> _What this task involves_:
Without any images, write the data out exactly as it appears.

> _Data below_:
◇ ◇ ◇
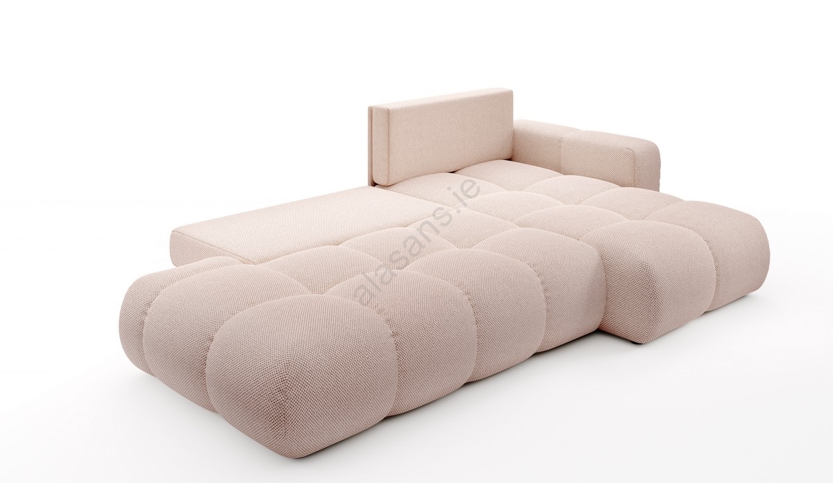 • ALMADA L‑shaped upholstered corner sofa bed with storage, left‑facing, light beige
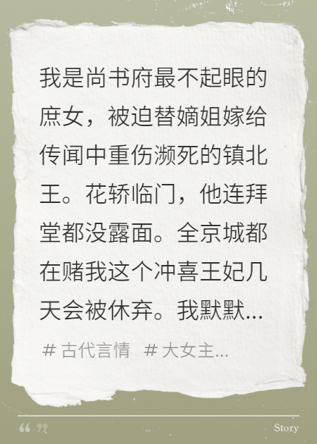 [11-14 14:56] (姜桐顾淮枫苏浅浅)折一枝别春旧梦姜桐顾淮枫小说彩蛋畅享极简全部章节列表 主角为【姜桐顾淮枫苏浅浅】的精品短篇小说《折一枝别春旧梦姜桐顾淮枫小说彩蛋》,由作家“阿祖”倾心创作,情节充满惊喜与悬念。本站无广告,欢迎阅读!本书共计28901字,22章节,更新日期为2025-11-14。该作品目前在本网 【sosoxx.com】上完结。小说详情介绍:婚后第五年,姜桐为自己定制了一口棺材。深红色的梨花木棺送进顾宅后厅,她被佣人搀扶着爬进去。“王妈,盖棺吧。”她指尖抚过棺内壁的木纹,盯着头顶的光亮,直到最后一丝也不见。这潦草不堪的一生在眼前缓缓浮现。十年前,福利院倒闭,她流落在街头捡垃圾为生时,被亲生父母找回。母亲给的糖果还未塞进嘴里,人已经推进手术室,为她从小金尊玉贵捧在手心长大的妹妹换肾。出院第一天,大师说她八字冲撞妹妹,她刀口还未拆线便被父母安排住进地下室避凶。
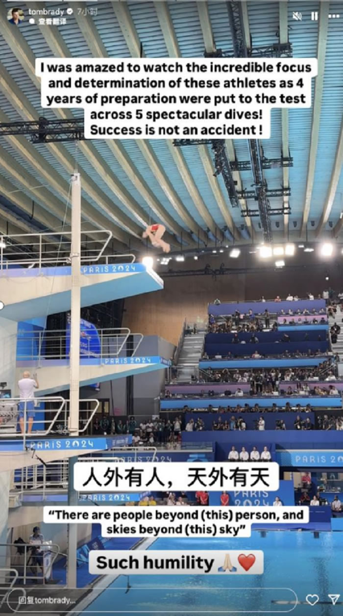 湯姆·布雷迪在個(gè)人社交媒體為中國跳水運動(dòng)員喝彩
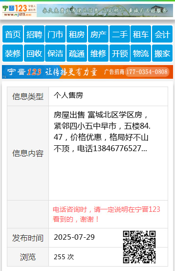 房屋出售 富城北区学区房,紧邻四小五中早市,五楼84.47,价格优惠,格局好不山不顶,电话13846776527
◇ ◇ ◇
> _Expected output_:
 • ALMADA L‑shaped upholstered corner sofa bed with storage, left‑facing, light beige
 [11-14 14:56] (姜桐顾淮枫苏浅浅)折一枝别春旧梦姜桐顾淮枫小说彩蛋畅享极简全部章节列表 主角为【姜桐顾淮枫苏浅浅】的精品短篇小说《折一枝别春旧梦姜桐顾淮枫小说彩蛋》,由作家“阿祖”倾心创作,情节充满惊喜与悬念。本站无广告,欢迎阅读!本书共计28901字,22章节,更新日期为2025-11-14。该作品目前在本网 【sosoxx.com】上完结。小说详情介绍:婚后第五年,姜桐为自己定制了一口棺材。深红色的梨花木棺送进顾宅后厅,她被佣人搀扶着爬进去。“王妈,盖棺吧。”她指尖抚过棺内壁的木纹,盯着头顶的光亮,直到最后一丝也不见。这潦草不堪的一生在眼前缓缓浮现。十年前,福利院倒闭,她流落在街头捡垃圾为生时,被亲生父母找回。母亲给的糖果还未塞进嘴里,人已经推进手术室,为她从小金尊玉贵捧在手心长大的妹妹换肾。出院第一天,大师说她八字冲撞妹妹,她刀口还未拆线便被父母安排住进地下室避凶。
 湯姆·布雷迪在個(gè)人社交媒體為中國跳水運動(dòng)員喝彩
 房屋出售 富城北区学区房,紧邻四小五中早市,五楼84.47,价格优惠,格局好不山不顶,电话13846776527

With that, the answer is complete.